Dataset entries:
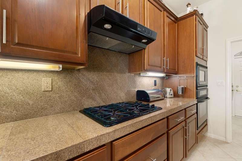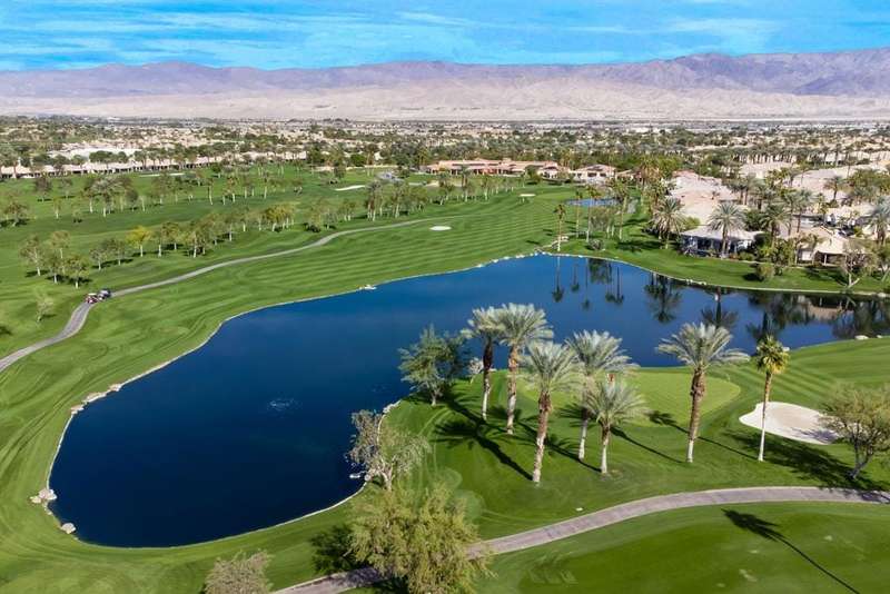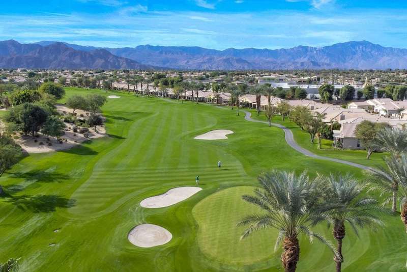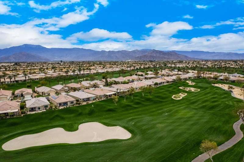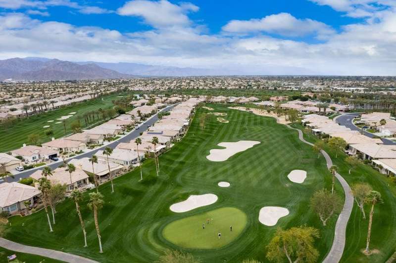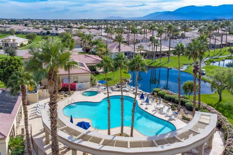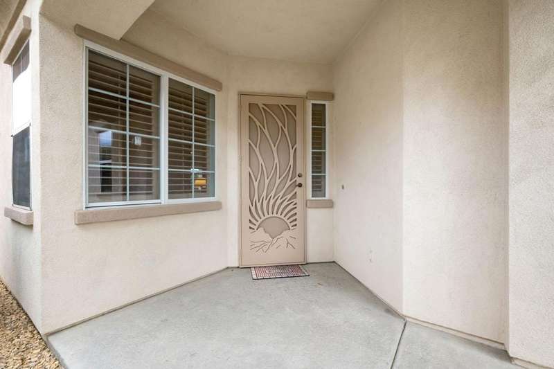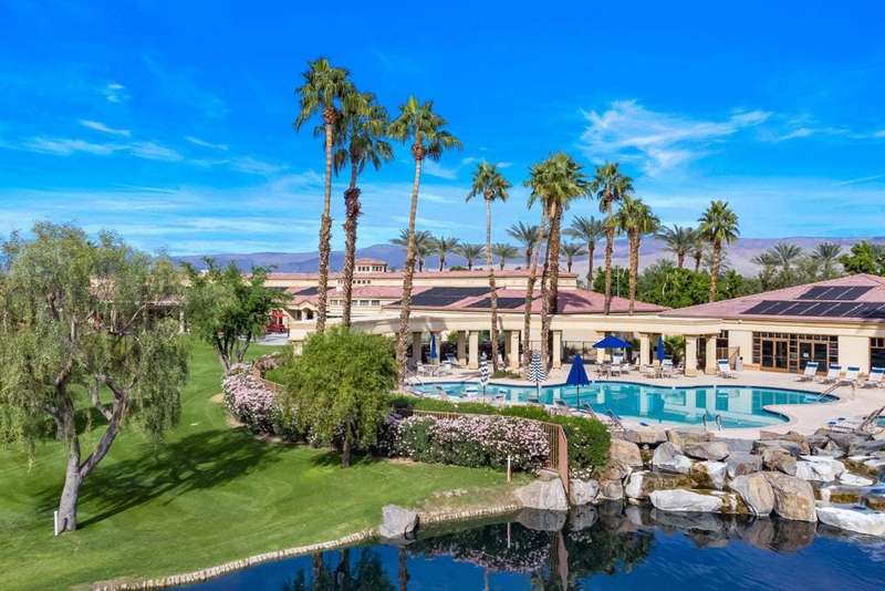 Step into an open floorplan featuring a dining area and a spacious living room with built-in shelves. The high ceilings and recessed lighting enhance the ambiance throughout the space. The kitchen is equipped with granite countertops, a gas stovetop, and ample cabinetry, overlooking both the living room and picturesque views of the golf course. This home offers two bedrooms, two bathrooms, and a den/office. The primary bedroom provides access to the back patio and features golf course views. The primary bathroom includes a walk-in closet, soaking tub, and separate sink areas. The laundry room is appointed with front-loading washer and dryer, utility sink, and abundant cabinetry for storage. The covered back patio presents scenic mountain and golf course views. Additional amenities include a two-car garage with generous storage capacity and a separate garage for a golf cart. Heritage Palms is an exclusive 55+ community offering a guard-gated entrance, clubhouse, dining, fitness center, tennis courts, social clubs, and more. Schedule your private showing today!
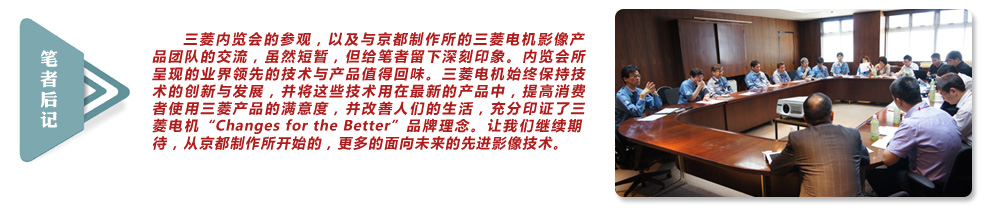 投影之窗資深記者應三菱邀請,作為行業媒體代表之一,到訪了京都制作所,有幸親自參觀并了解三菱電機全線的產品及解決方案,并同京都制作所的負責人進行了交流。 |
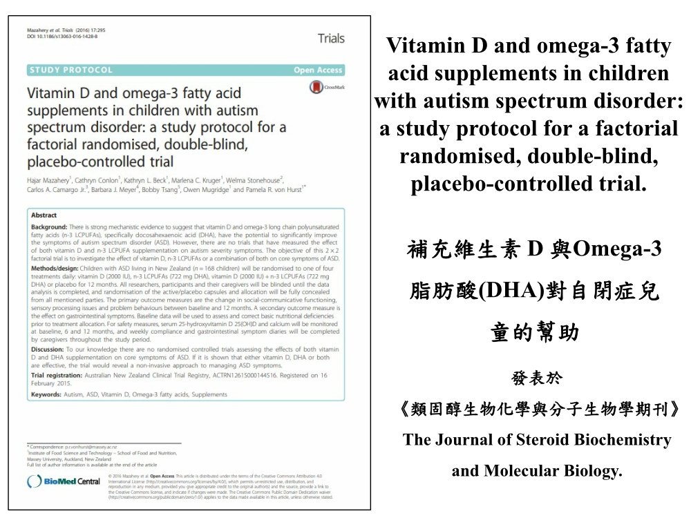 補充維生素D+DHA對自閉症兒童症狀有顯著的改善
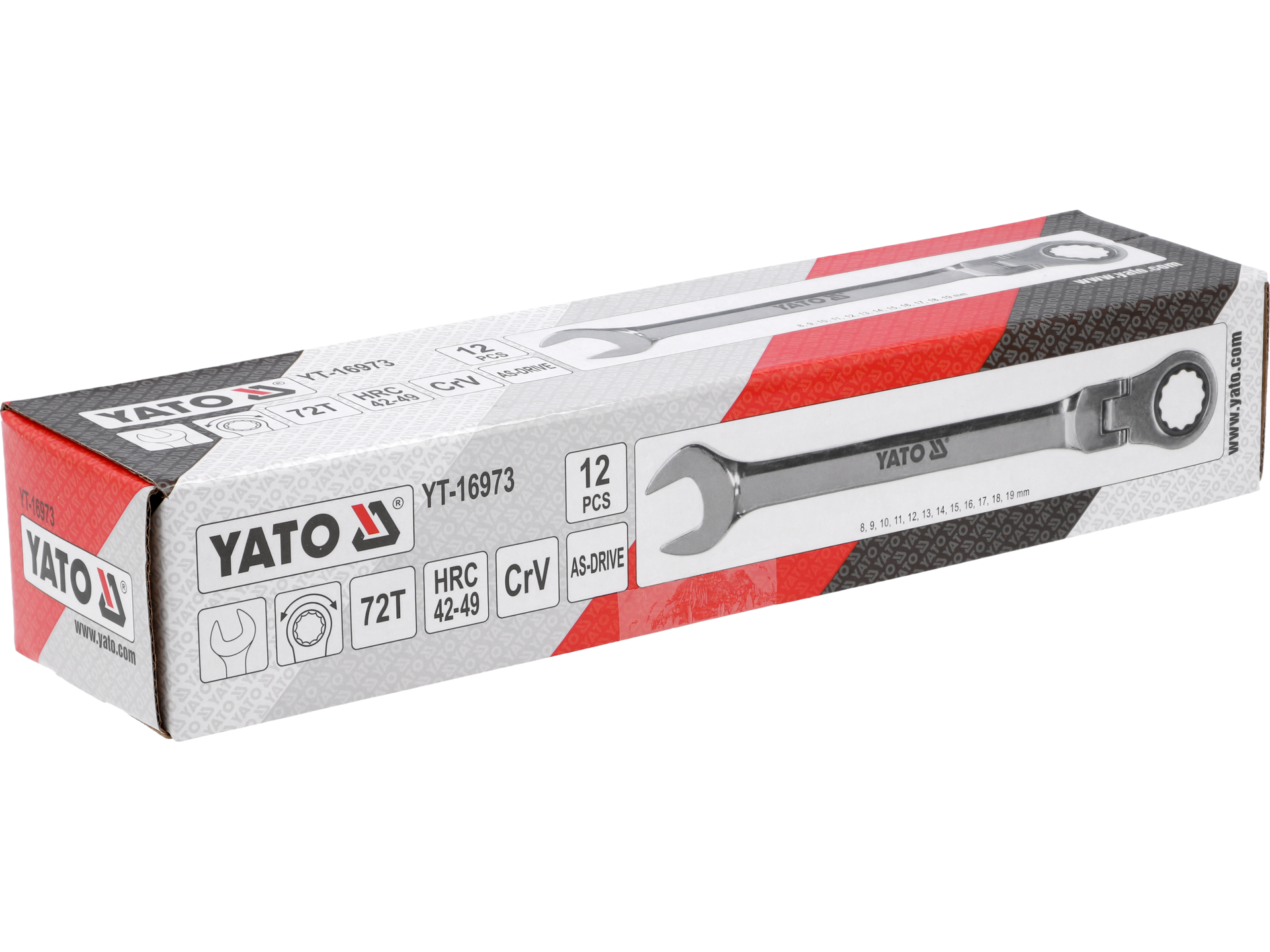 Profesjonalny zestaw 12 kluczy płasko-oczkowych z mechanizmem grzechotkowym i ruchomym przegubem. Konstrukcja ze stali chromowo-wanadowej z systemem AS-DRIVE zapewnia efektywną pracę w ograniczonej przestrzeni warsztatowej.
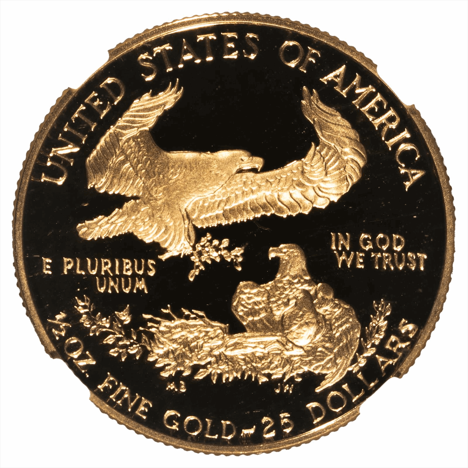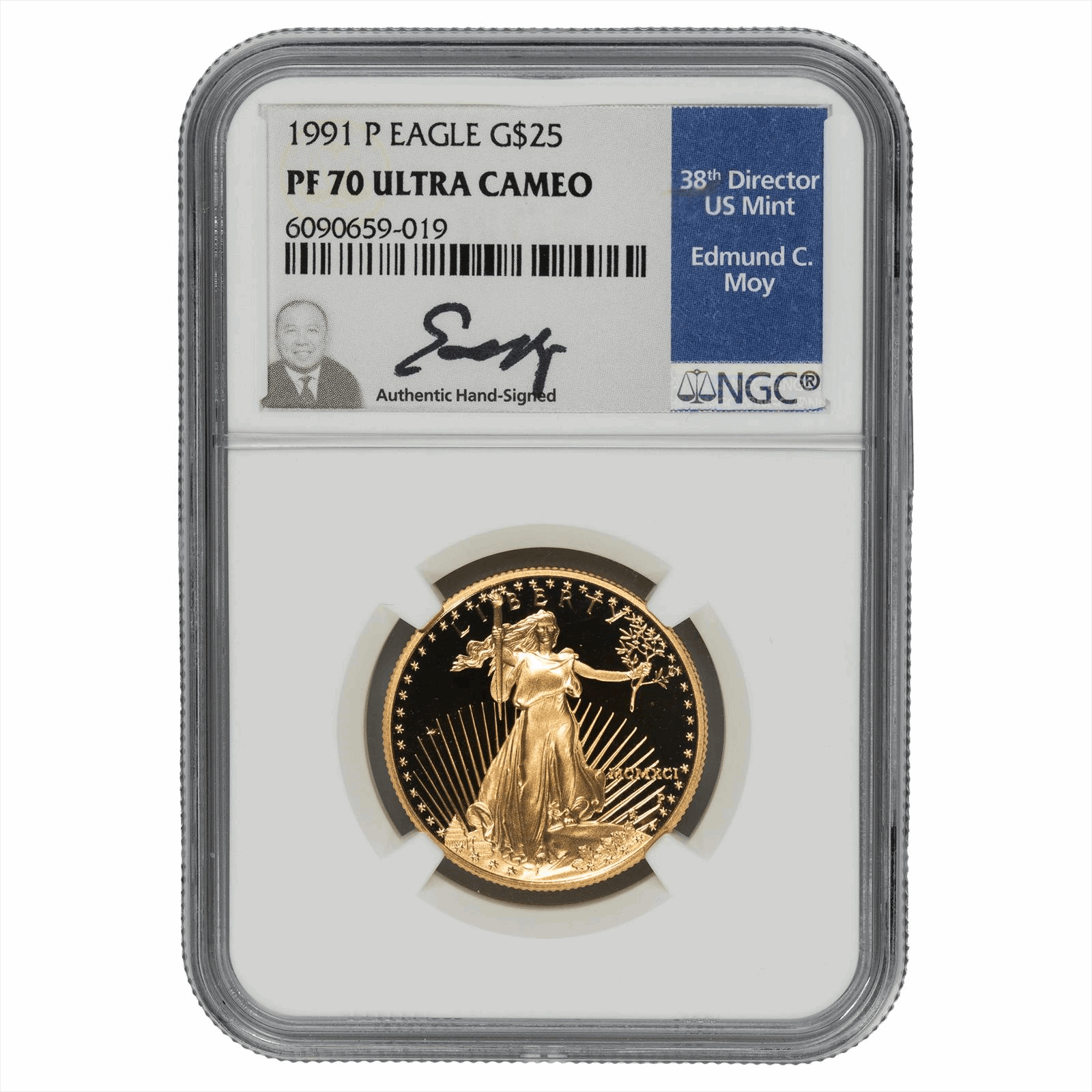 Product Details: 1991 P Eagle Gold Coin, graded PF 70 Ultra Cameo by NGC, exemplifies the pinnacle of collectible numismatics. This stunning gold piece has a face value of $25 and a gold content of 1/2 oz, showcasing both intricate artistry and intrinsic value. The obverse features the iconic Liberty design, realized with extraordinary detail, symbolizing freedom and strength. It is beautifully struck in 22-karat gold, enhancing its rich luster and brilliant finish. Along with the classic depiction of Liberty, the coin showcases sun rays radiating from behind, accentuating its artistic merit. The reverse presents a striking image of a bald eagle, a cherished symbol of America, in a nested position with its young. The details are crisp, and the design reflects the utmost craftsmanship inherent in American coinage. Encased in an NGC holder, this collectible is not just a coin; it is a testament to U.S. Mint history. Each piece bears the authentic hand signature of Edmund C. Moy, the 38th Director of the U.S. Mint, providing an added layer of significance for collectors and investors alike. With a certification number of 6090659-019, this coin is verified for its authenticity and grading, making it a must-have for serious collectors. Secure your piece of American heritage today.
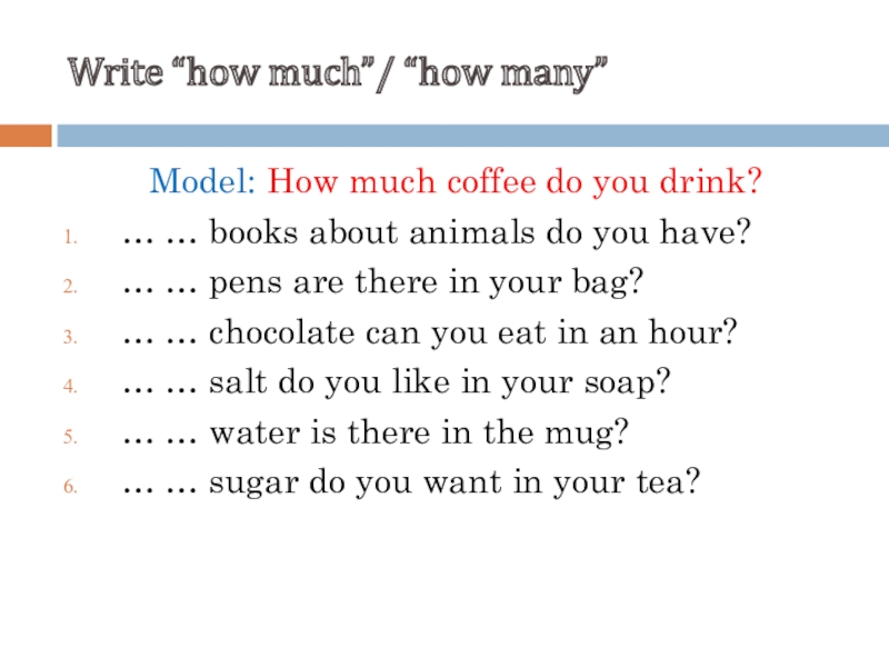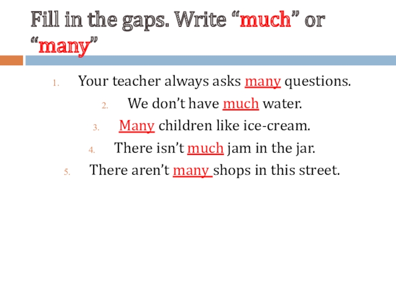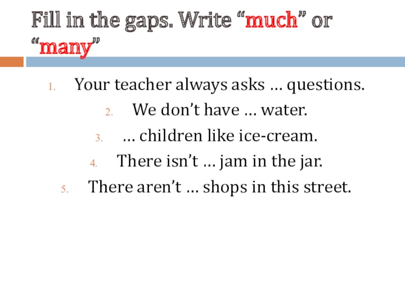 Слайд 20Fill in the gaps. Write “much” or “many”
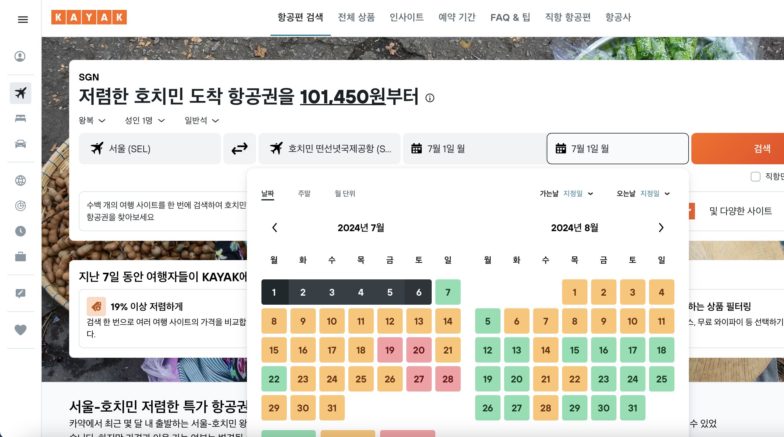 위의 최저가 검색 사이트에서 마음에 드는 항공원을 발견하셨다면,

Problem requirements: The records above must be printed exactly; the pictures stay out.

Written solution:
 Step into an open floorplan featuring a dining area and a spacious living room with built-in shelves. The high ceilings and recessed lighting enhance the ambiance throughout the space. The kitchen is equipped with granite countertops, a gas stovetop, and ample cabinetry, overlooking both the living room and picturesque views of the golf course. This home offers two bedrooms, two bathrooms, and a den/office. The primary bedroom provides access to the back patio and features golf course views. The primary bathroom includes a walk-in closet, soaking tub, and separate sink areas. The laundry room is appointed with front-loading washer and dryer, utility sink, and abundant cabinetry for storage. The covered back patio presents scenic mountain and golf course views. Additional amenities include a two-car garage with generous storage capacity and a separate garage for a golf cart. Heritage Palms is an exclusive 55+ community offering a guard-gated entrance, clubhouse, dining, fitness center, tennis courts, social clubs, and more. Schedule your private showing today!
 投影之窗資深記者應三菱邀請,作為行業媒體代表之一,到訪了京都制作所,有幸親自參觀并了解三菱電機全線的產品及解決方案,并同京都制作所的負責人進行了交流。 |
 補充維生素D+DHA對自閉症兒童症狀有顯著的改善
 Profesjonalny zestaw 12 kluczy płasko-oczkowych z mechanizmem grzechotkowym i ruchomym przegubem. Konstrukcja ze stali chromowo-wanadowej z systemem AS-DRIVE zapewnia efektywną pracę w ograniczonej przestrzeni warsztatowej.
 Product Details: 1991 P Eagle Gold Coin, graded PF 70 Ultra Cameo by NGC, exemplifies the pinnacle of collectible numismatics. This stunning gold piece has a face value of $25 and a gold content of 1/2 oz, showcasing both intricate artistry and intrinsic value. The obverse features the iconic Liberty design, realized with extraordinary detail, symbolizing freedom and strength. It is beautifully struck in 22-karat gold, enhancing its rich luster and brilliant finish. Along with the classic depiction of Liberty, the coin showcases sun rays radiating from behind, accentuating its artistic merit. The reverse presents a striking image of a bald eagle, a cherished symbol of America, in a nested position with its young. The details are crisp, and the design reflects the utmost craftsmanship inherent in American coinage. Encased in an NGC holder, this collectible is not just a coin; it is a testament to U.S. Mint history. Each piece bears the authentic hand signature of Edmund C. Moy, the 38th Director of the U.S. Mint, providing an added layer of significance for collectors and investors alike. With a certification number of 6090659-019, this coin is verified for its authenticity and grading, making it a must-have for serious collectors. Secure your piece of American heritage today.
 Слайд 20Fill in the gaps. Write “much” or “many”
 위의 최저가 검색 사이트에서 마음에 드는 항공원을 발견하셨다면,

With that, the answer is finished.